:: Data extracts

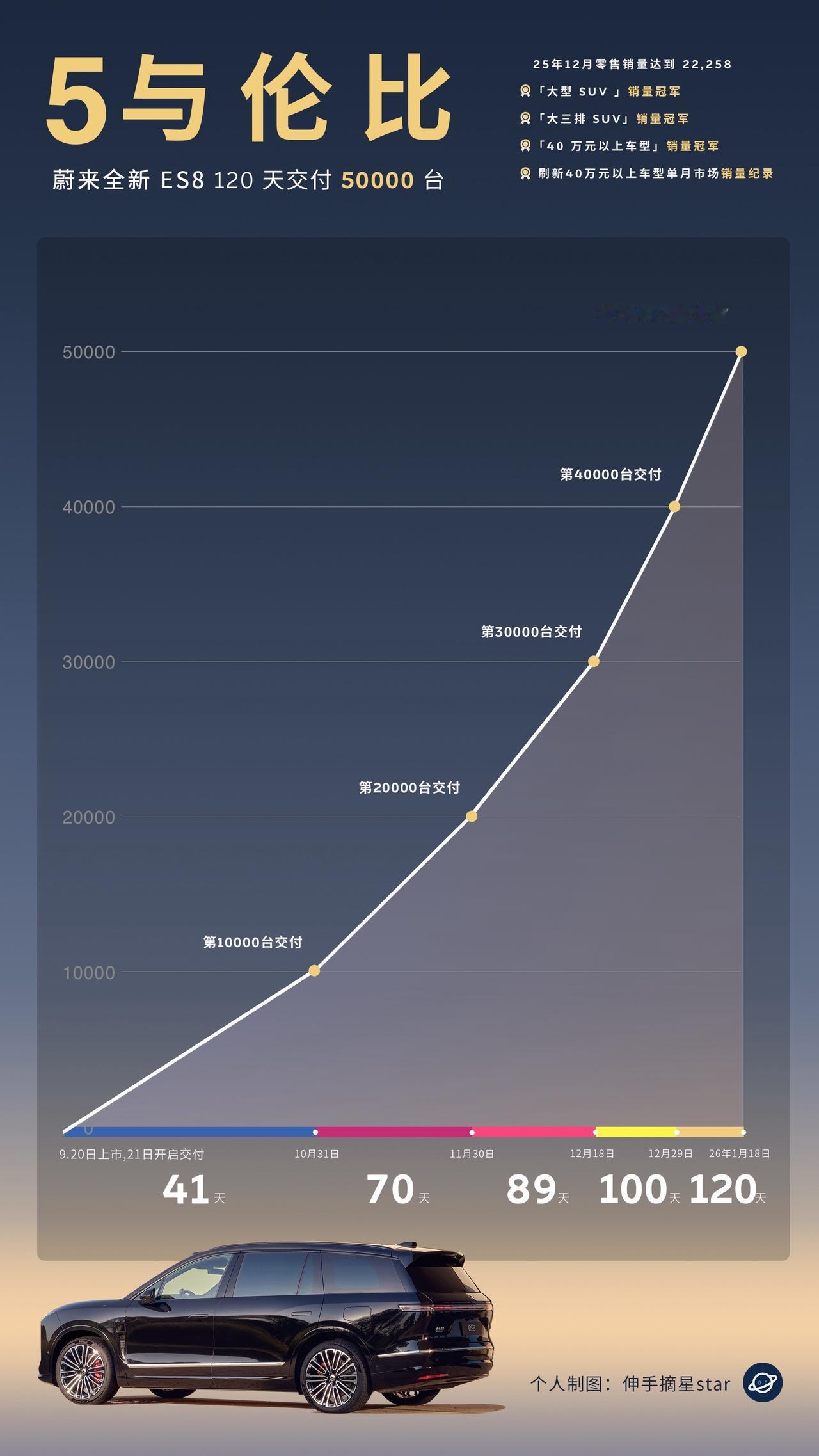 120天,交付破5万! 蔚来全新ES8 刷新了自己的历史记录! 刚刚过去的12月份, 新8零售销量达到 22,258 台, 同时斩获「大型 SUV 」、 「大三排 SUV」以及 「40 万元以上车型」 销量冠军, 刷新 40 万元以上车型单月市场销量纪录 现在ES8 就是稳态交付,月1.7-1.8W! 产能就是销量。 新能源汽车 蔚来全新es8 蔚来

::::
:: Data extracts

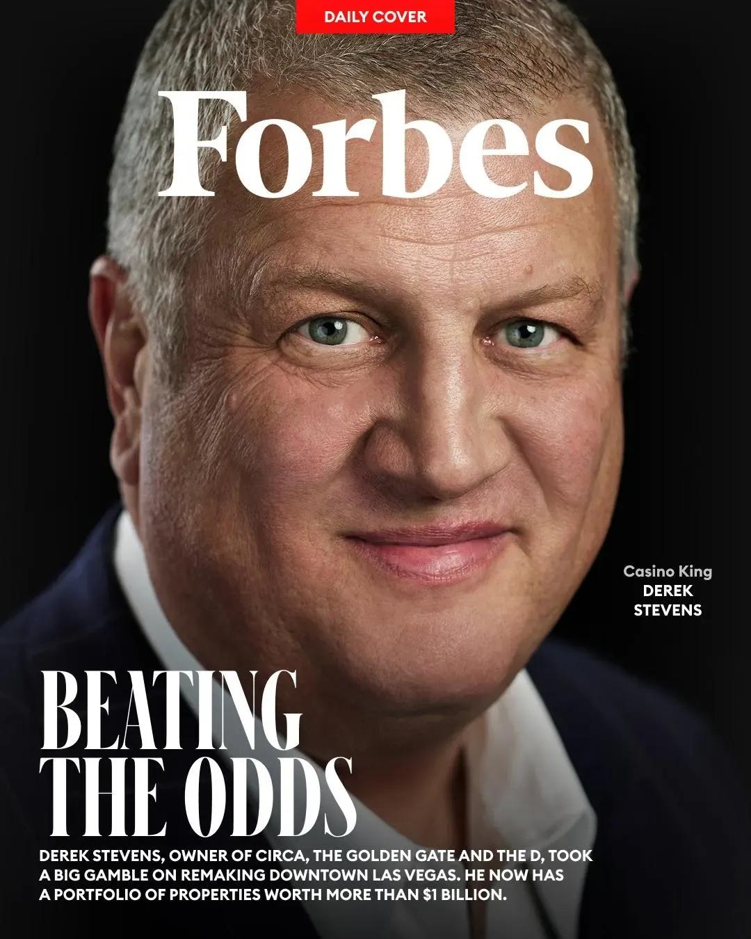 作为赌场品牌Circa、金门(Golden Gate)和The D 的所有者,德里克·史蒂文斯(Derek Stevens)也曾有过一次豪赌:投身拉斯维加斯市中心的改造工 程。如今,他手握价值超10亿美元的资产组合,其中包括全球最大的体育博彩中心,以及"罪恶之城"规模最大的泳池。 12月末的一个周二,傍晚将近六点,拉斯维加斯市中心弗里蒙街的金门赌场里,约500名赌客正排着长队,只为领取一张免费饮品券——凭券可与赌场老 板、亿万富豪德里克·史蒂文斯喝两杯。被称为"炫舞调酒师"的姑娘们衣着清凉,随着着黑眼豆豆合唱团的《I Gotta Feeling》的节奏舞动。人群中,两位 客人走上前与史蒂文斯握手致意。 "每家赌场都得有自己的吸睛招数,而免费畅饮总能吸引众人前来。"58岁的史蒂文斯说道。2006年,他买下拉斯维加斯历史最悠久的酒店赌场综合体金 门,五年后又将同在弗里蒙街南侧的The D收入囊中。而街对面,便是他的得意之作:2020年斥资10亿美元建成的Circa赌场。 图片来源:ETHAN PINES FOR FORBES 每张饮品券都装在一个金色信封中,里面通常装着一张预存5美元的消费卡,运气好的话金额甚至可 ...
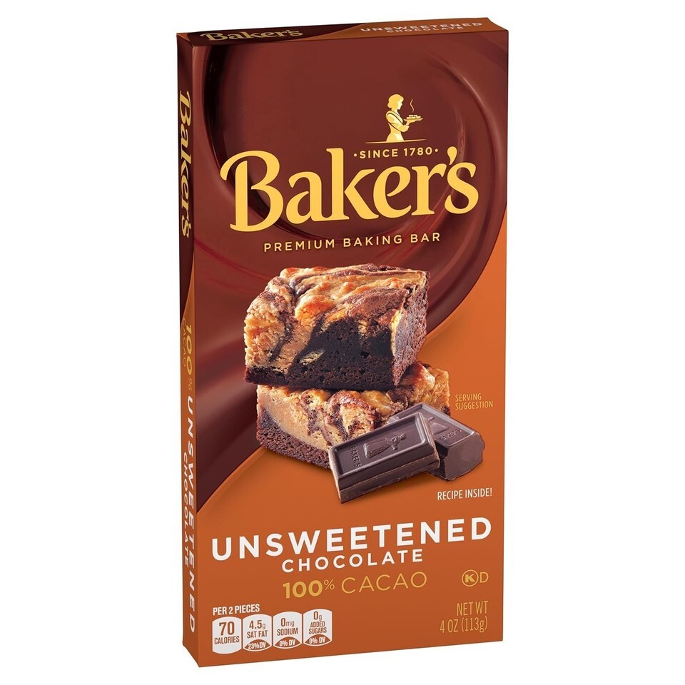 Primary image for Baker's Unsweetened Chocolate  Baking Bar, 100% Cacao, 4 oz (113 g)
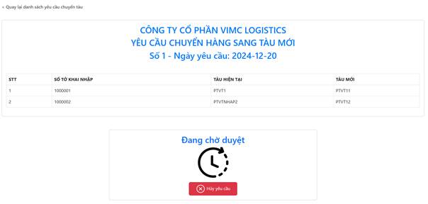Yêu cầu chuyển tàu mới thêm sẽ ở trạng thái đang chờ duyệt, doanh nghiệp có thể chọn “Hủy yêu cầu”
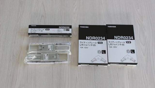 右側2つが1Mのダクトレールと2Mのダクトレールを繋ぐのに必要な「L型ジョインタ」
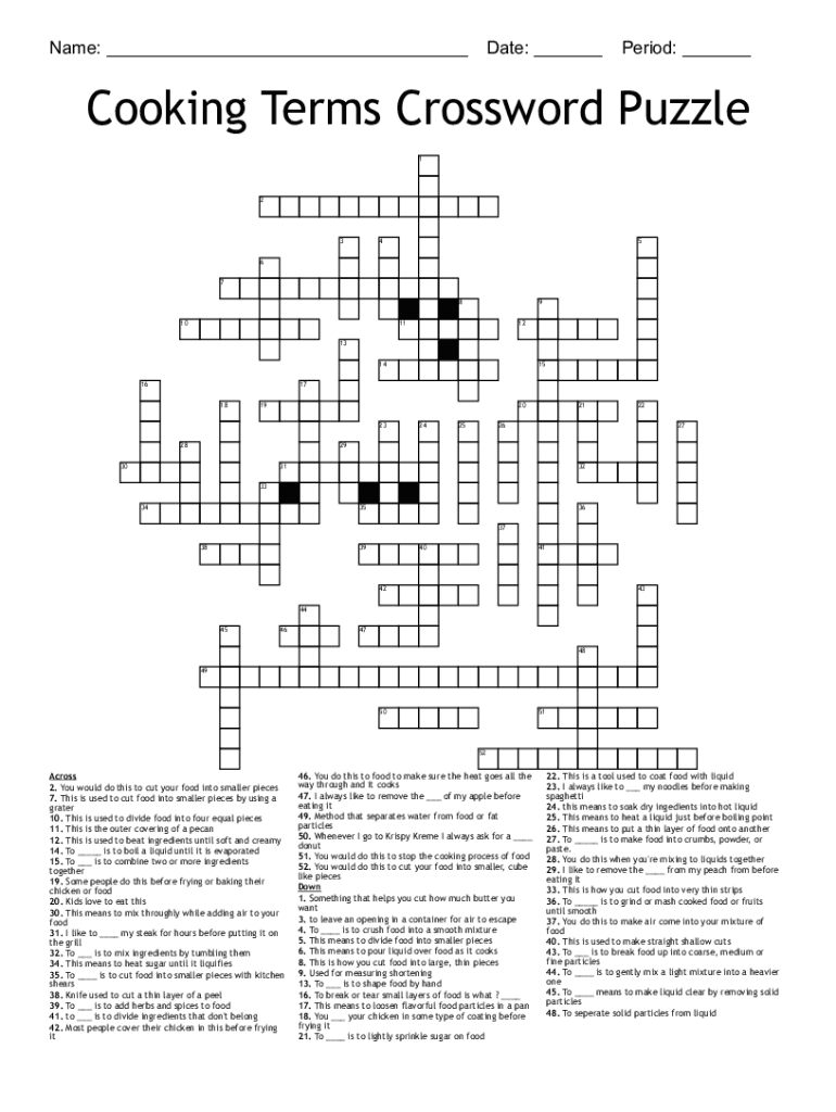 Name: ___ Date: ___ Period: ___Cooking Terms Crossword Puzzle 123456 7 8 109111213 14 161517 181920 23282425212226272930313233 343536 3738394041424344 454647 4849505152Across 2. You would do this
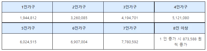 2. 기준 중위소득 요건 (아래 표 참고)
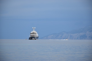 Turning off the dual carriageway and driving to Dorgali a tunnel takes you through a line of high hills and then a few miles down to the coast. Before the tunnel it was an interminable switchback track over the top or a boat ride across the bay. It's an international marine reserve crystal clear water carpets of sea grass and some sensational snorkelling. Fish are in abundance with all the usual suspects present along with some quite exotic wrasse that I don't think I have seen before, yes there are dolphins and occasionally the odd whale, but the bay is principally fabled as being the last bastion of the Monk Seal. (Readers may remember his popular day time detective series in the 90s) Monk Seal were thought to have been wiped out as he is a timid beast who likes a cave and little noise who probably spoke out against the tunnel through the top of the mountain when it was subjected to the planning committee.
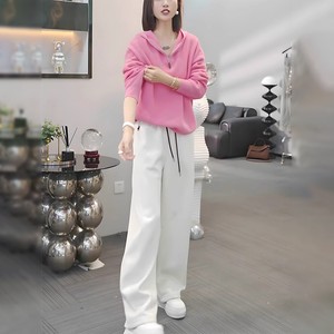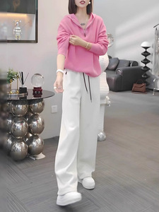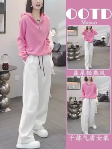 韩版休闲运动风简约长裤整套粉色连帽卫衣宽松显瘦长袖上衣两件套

::::

Your instructions:
What you return must match, character for character, the lines above from the one with "Primary image for" through the one with "2. 기준 중위소득 요건 (아래 표 참고)", minus any pictures.

Solution:
 Primary image for Baker's Unsweetened Chocolate  Baking Bar, 100% Cacao, 4 oz (113 g)
Yêu cầu chuyển tàu mới thêm sẽ ở trạng thái đang chờ duyệt, doanh nghiệp có thể chọn “Hủy yêu cầu”
 右側2つが1Mのダクトレールと2Mのダクトレールを繋ぐのに必要な「L型ジョインタ」
 Name: ___ Date: ___ Period: ___Cooking Terms Crossword Puzzle 123456 7 8 109111213 14 161517 181920 23282425212226272930313233 343536 3738394041424344 454647 4849505152Across 2. You would do this
 2. 기준 중위소득 요건 (아래 표 참고)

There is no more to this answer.